Gold 2013 ......a lack lustre year?

i think we'll need a cash close below 1338's to nail the lid shut for the bulls for this time around but that will only cement with a cash close below where the news fomc release came and allow that swinging back thru the news level is a normal course for trends to make and that such an action would be very bullish only in that trend would be moving based on internal drivers and not news induced as news is part of the trend, news does not make the trend...

that means retesting the weekly lows if we cannot muster short covering energy at the fomc release low.....no support from fund money is not a great tip to be long....

.....but, it's a commodity

trending up on news is not bullish if trend comes back down on it's own intrinsic pressures, in other words; bids swamp offers in induced energy spike and offers swamp the bid with (down)trend...it's an important distinction

imho
 
dont look like we'll get a close above the 1338 cash level.....i'm holding my sells over the weekend....i suspect we'll at least cover the fomc release level 1297ish...silver is more than 2/3 the way there already....

what may have been percieved to be dovish for both equities and metals may now become "theyre-not-tapering-because-nothings-working mindset.....exit buy-side liquidity...

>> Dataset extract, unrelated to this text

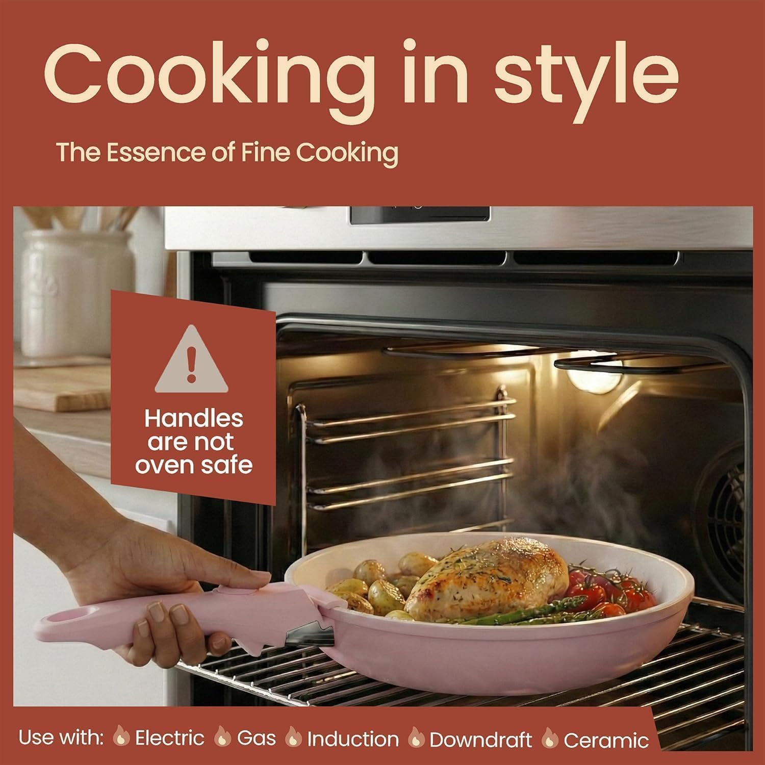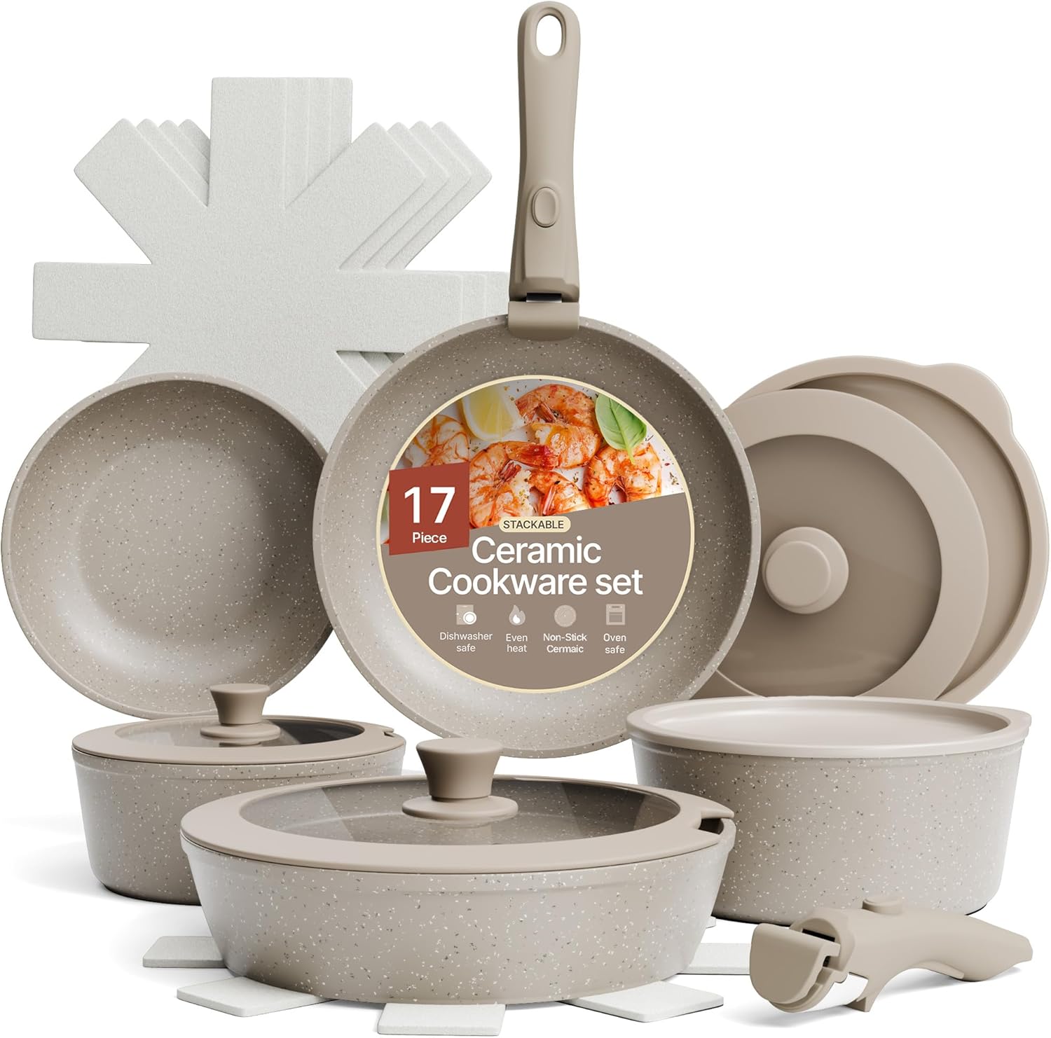 Upgrade your kitchen with the BAKKEN 17-Piece Ceramic Coated Aluminum Cookware Set, a versatile collection designed for everyday cooking and family feasts. This complete set equips you with two fry pans, a saucepan with lid, a Dutch oven with lid, a deep sauté pan with lid, and a full suite of silicone utensils—including ladle, tong, slotted turner, spaghetti server, and oven mitts—for a well-rounded culinary toolkit. Each piece features a durable aluminum alloy construction with a thick 1.5” base, promoting fast, even heating while reducing hotspots. The ceramic nonstick interior and exterior allow effortless food release and hassle-free cleanup without the use of PTFE, PFAS, or BPA. Strong riveted stainless steel handles provide lasting strength and control, while the set’s oven- and dishwasher-safe design (except mitts) adds convenience. Compatible with gas, induction, ceramic, glass, and halogen cooktops, this cookware set adapts seamlessly to your cooking style. With the perfect balance of safety, durability, and everyday practicality, the BAKKEN 17-piece set is ready to handle everything from quick weeknight dinners to weekend entertaining.
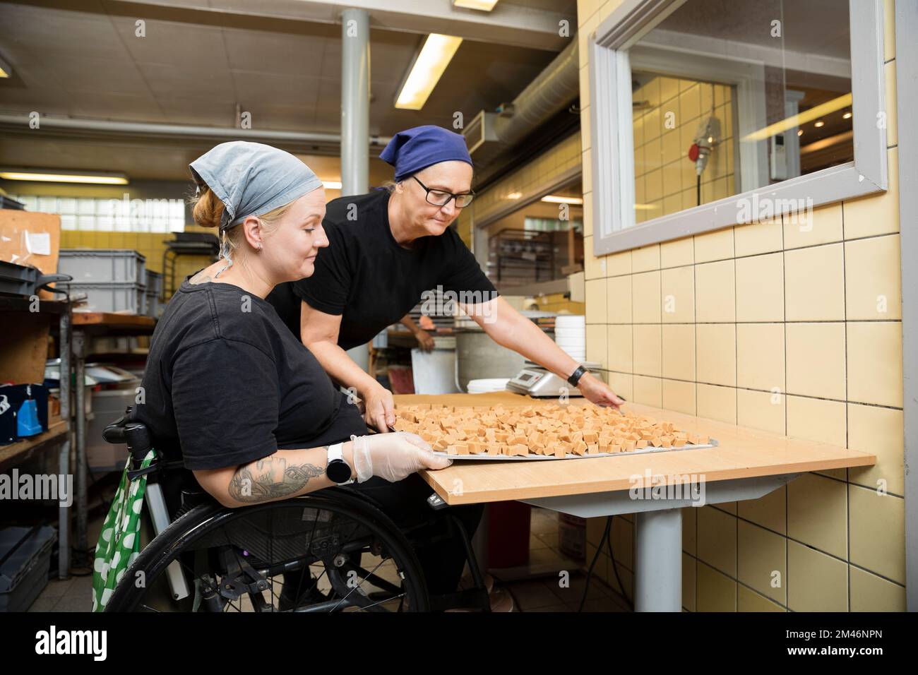 Disabled woman working in food factory Stock Photo Alamy Food Services For Disabled Découvrez les restaurants tenus par des esat parisiens et qui emploient donc des personnes en situation de handicap. L'action sociale, collective ou individuelle, vise à améliorer les conditions de viedes agents de l’état et de leurs familles ainsi qu'à les aider à faire. If you are in paris and need to eat, you have several options:. Transportation, accessibility, certified accommodations,. Food Services For Disabled.

money managers are already sell en mode otherwise this current sell the strength move wouldnt be happening, imho
 
..... only cement with a cash close below where the news fomc release came and allow that swinging back thru the news level is a normal course for trends to make and that such an action would be very bullish only in that trend would be moving based on internal drivers and not news .

.

the diff between that which is impulsive bid/offer and news-induced energy release slash opportunity to fade..it's an important distinction

nearterm target for silver 20.47's gold 1297's
i'm holding open sells thru the futes close

here's a quick technical look that many bulls will be looking for:
there's an (arguably of course) an inverted H/S's pattern forming
that would sit well with my idea that if the fomc zone is covered on
current impulsive selling and then reverses it would
provided a big swing high opportunity within what is
now (arguably still) a secular bear

giving :-0 an upside target of 1755's bringing price back into rotatonal
peaks where previous fomc rejections occurred (jeez, we're getting a theme here :cool:)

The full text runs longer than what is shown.